In 1983, when Congress last made broad amendments to the Social Security system, one if its changes was to impose Social Security-related (FICA) taxes upon cash-or-deferred arrangements under section 401(k) of the Code and upon nonqualified deferred compensation by adding section 3121(v) to the Code. Generally, an employee's wages are subject to FICA taxes when they are paid. Employers and employees are equally liable for FICA taxes, which consist of Old-Age, Survivors and Disability Insurance (OASDI) tax (at a rate of 6.2 percent of wages) and Hospital Insurance (Medicare) tax (at a rate of 1.45 percent of wages). Thus, subject to a cap on the amount of wages subject to the OASDI portion of the tax, employers and employees each pay a total tax of 7.65 percent of wages. "Wages" are defined broadly in section 3121(a) to include almost all remuneration provided for services rendered. Amounts deferred under a nonqualified plan, however, are subject to a special rule under section 3121(v). Under this rule, these amounts are subject to FICA taxes on the date on which the services giving rise to the amounts are performed or, if later, the first date on which the employee's rights to the deferred amounts are not subject to a substantial risk of forfeiture. Once an amount is subjected to FICA taxes, it and the income it earns are not taxed again (i.e., when actually paid).

Unfortunately, the statutory language says little more than this, leaving open a number of questions about the precise manner in which section 3121(v) is applied. Specifically, it has been unclear -

*What plans are subject to section 3121(v)

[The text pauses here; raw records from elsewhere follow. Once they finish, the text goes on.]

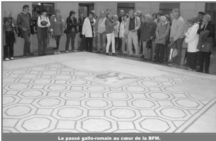
Le passé gallo-romain au cœur de la BFM.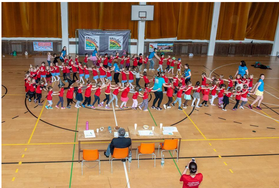
Obrázek 1 – Kroužková taneční soutěž - 8. 4. 2018

SVČ Kroužky pro děti je zejména tradičním organizátorem pravidelné zájmové činnosti. Nabídka zájmových útvarů byla ve školním roce 2017/2018 bohatá a pestrá, pedagogičtí pracovníci při nabídce vycházeli ze zájmů dětí, studentů a dospělých, z módního trendu a atraktivnosti.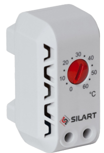
TBS-160 NC, 0 ... +60

*What constitutes a 'substantial risk of forfeiture'

*How to determine the amount that is required to be subject to FICA tax for any year.

Before publication of the proposed regulations, there was virtually no elaboration on the application of these rules. The only meaningful guidance was the relevant legislative history, very few letter rulings,(1) some language in the instructions to Form W-2 (unrelated to FICA taxation), and a single decision of the U.S. Claims Court.(2) And the guidance provided by these documents was limited indeed: Apart from statements in the legislative history and in the letter ruling to the effect that a "substantial risk of forfeiture" is to be determined in accordance with the principles of section 83, the available guidance addressed only the first of the three issues described above.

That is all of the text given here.